Between 2011 and 2014, from Austria, later Croatia, Italy and back to Africa, specifically, Kenya, Udondian lifted Nigerian art through the critical art appreciation world. Shortly before embarking on her MFA in Columbia, the artist had Open Studio in Lagos, in which she shared some of her works and experience, from across the world. In Austria, she worked with students, made presentation on her works and discussed African arts. In Venice it was a special purpose art entity of Fondazione di Venezia, with the aim of promoting works of young, emerging artists from Africa.



Out of 145 young African artists who applied for the Venice, Italy-based residency Art Enclosures 2011, Udondian and a South African, Tamilyn Young, according to the organisers, were the only two beneficiaries. From Udondian’s work presented under the themes, Second Hand Museum and Venetian Portraits 2011, some of the installations she re-presented on slide during her Open Studio in Lagos included Nigerian female two-piece wear (buba and iro,) and that of male (buba and sokoto).

Making another history this year, Udondian, according to Guggenheim, is among a diverse group of 175 writers, scholars, artists, and scientists drawn from 53 scholarly disciplines and artistic fields, 78 different academic institutions, 31 states and the District of Columbia, and  two Canadian provinces. Few days ago, via Internet chat, the artist shared her journey through the process of picking the fellowship award. She disclosed how two concepts earned her the fellowship. "The first developed project continues to explore my interest in the transformation of space for shared community engagement." The space, she explained, is based on "where collective identities are forged and celebrated outside of a vociferous narrative of divisive nationalism that seems to be propagated by our society today."

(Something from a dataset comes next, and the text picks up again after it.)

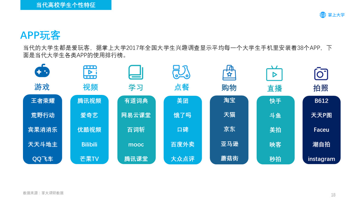 当代的大学生都是爱玩客,据掌上大学2017年全国大学生兴趣调查显示平均每一个大学生手机里安装着38个APP,下面是当代大学生各类APP的使用排行榜。
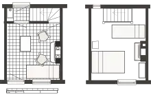Some two-room cottages were as small as 10 feet (3.0 m) by 10 feet (3.0 m). Their narrow steep stairs aligned with the side or back wall. The heating was an open coal-fired cast-iron cooking range in the living room, and maybe a cast-iron 'register grate'[lower-alpha 1] in the bedroom.[10]

Thematically, Udondian brings the project into a specific cultural context Identity. "The project is titled Àdápé II." Udondian explained that Àdápé, in Yoruba, translates as 'Àdá' (to create) and 'pe' (to complete or make it perfect.) The title Àdápé, she said, literally translates to creating a state of perfection. "This title is considered when thinking about the notions of Utopia," stated Udondian whose Lagos base seemed to have influenced the Yoruba contents in the project. "Àdápé is an attempt to create an ideal space of inclusiveness in collaboration with immigrant communities." 

She recalled how the first phase of Àdápé was concluded last year at the South London gallery, UK. At the presentation, she worked with those described as "a community of multicultural locals." The work, she said lasted six month as a "commission to transform the gallery with a large scale textile sculpture." The concept, she said, "was then activated through performances."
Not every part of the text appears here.